Configuration file

Locally-managed tunnels run as an instance of cloudflared on your machine. You can configure cloudflared properties by modifying command line parameters or by editing the tunnel configuration file.

The CLI provides a quick way to handle configurations if you are connecting a single service through cloudflared. The tunnel configuration file is useful if you are connecting multiple services and need to configure properties or exceptions for specific origins. In the configuration file, you can define top-level properties for your cloudflared instance as well as origin-specific properties. For a full list of configuration options, type cloudflared tunnel help in your terminal.

In the absence of a configuration file, cloudflared will proxy outbound traffic through port 8080.

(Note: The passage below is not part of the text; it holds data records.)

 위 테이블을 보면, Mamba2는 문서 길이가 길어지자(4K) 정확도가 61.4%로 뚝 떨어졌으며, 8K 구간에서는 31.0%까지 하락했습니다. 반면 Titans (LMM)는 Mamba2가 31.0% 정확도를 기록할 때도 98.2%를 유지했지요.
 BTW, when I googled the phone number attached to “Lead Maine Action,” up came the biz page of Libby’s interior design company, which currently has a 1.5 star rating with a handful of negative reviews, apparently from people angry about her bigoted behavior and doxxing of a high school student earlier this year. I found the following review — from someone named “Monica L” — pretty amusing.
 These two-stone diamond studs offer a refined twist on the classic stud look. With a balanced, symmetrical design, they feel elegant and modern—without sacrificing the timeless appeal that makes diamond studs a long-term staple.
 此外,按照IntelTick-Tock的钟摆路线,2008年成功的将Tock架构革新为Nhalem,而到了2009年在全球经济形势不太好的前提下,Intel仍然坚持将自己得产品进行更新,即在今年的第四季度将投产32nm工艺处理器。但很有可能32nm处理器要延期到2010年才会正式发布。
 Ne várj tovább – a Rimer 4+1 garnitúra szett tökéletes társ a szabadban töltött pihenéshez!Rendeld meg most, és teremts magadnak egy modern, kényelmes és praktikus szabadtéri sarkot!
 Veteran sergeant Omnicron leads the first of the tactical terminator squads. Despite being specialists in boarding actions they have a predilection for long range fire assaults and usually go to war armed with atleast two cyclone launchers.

File structure for private networks

If you are exposing a private network to end users running WARP, you need to add the warp-routing key and set it to true:

tunnel: <Tunnel-UUID>
credentials-file: /path/<Tunnel-UUID>.json
warp-routing:
  enabled: true

File structure for public hostnames

If you are exposing local services to the Internet, you can assign a public hostname to each service:

tunnel: 6ff42ae2-765d-4adf-8112-31c55c1551ef
credentials-file: /root/.cloudflared/6ff42ae2-765d-4adf-8112-31c55c1551ef.json

ingress:
  - hostname: gitlab.widgetcorp.tech
    service: http://localhost:80
  - hostname: gitlab-ssh.widgetcorp.tech
    service: ssh://localhost:22
  - service: http_status:404

Configuration files that contain ingress rules must always include a catch-all rule that concludes the file. In this example, cloudflared will respond with a 404 status code when the request does not match any of the previous hostnames.

How traffic is matched

When cloudflared receives an incoming request, it evaluates each ingress rule from top to bottom to find which rule matches the request. Rules can match either the hostname or path of an incoming request, or both. If a rule does not specify a hostname, all hostnames will be matched. If a rule does not specify a path, all paths will be matched.

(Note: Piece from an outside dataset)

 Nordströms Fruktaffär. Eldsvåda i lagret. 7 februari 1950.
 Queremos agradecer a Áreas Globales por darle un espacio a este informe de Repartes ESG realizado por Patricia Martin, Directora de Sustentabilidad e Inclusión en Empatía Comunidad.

The last ingress rule must be a catch-all rule that matches all traffic.

Here is an example configuration file that specifies several rules:

tunnel: 6ff42ae2-765d-4adf-8112-31c55c1551ef
credentials-file: /root/.cloudflared/6ff42ae2-765d-4adf-8112-31c55c1551ef.json

ingress:
  # Rules map traffic from a hostname to a local service:
  - hostname: example.com
    service: https://localhost:8000
  # Rules can match the request's path to a regular expression:
  - hostname: static.example.com
    path: \.(jpg|png|css|js)$
    service: https://localhost:8001
  # Rules can match the request's hostname to a wildcard character:
  - hostname: "*.example.com"
    service: https://localhost:8002
  # An example of a catch-all rule:
  - service: https://localhost:8003

Wildcards

You can use wildcards to match traffic to multiple subdomains. For example, if you set the hostname key to *.example.com, both alpha.example.com and beta.example.com will route traffic to your origin. cloudflared does not support wildcards in the middle of the hostname, such as test.*.example.com.

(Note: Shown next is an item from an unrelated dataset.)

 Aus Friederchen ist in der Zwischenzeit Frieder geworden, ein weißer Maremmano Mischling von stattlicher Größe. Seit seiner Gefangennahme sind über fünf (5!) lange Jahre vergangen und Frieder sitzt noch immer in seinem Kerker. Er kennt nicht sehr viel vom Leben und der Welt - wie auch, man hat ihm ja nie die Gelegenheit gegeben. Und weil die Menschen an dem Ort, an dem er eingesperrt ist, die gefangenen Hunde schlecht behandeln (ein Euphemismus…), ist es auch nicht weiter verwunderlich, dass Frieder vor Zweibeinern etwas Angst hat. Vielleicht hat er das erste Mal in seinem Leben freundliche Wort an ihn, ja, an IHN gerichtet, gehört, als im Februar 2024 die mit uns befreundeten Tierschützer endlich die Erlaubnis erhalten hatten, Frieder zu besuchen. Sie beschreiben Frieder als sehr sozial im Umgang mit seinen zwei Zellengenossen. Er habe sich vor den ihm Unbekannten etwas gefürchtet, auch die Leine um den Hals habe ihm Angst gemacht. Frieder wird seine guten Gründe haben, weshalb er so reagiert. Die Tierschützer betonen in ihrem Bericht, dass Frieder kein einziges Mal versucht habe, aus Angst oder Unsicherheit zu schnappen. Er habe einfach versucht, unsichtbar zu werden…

You can also enter regular expressions for the path key. For example, if hostname is static.example.com and path is \.(jpg|png|css|js)$, matching URLs could include https://static.example.com/data.js, http://static.example.com/images/photo.jpg, and so on. Cloudflare parses the path regex using the Go syntax package ↗.

Supported protocols

In addition to HTTP, cloudflared supports protocols like SSH, RDP, arbitrary TCP services, and Unix sockets. You can also route traffic to the built-in Hello World test server or respond to traffic with an HTTP status.

tunnel: 6ff42ae2-765d-4adf-8112-31c55c1551ef
credentials-file: /root/.cloudflared/6ff42ae2-765d-4adf-8112-31c55c1551ef.json

ingress:
  # Example of a request over TCP:
  - hostname: example.com
    service: tcp://localhost:8000
  # Example of an HTTP request over a Unix socket:
  - hostname: staging.example.com
    service: unix:/home/production/echo.sock
  # Example of a request mapping to the Hello World test server:
  - hostname: test.example.com
    service: hello_world
  # Example of a rule responding to traffic with an HTTP status:
  - service: http_status:404

Service	Description	Example `service` value
HTTP/S	Incoming HTTP requests are proxied directly to your local service.	`https://localhost:8000`
HTTP over Unix socket	Just like HTTP, but using a Unix socket instead.	`unix:/home/production/echo.sock`
HTTPS over Unix socket	Just like HTTPS, but using a Unix socket instead.	`unix+tls:/home/production/echo.sock`
TCP	TCP connections are proxied to your local service.	`tcp://localhost:2222`
SSH	SSH connections are proxied to your local service. Learn more.	`ssh://localhost:22`
RDP	RDP connections are proxied to your local service. Learn more.	`rdp://localhost:3389`
kubectl bastion mode	`cloudflared` will act like a jumphost, allowing access to any local address.	`bastion`
Hello World	Test server for validating your Cloudflare Tunnel setup.	`hello_world`
HTTP status	Responds to all requests with the given HTTP status.	`http_status:404`

Origin configuration

If you need to proxy traffic to multiple origins within one instance of cloudflared, you can define the way cloudflared sends requests to each service by specifying configuration options as part of your ingress rules.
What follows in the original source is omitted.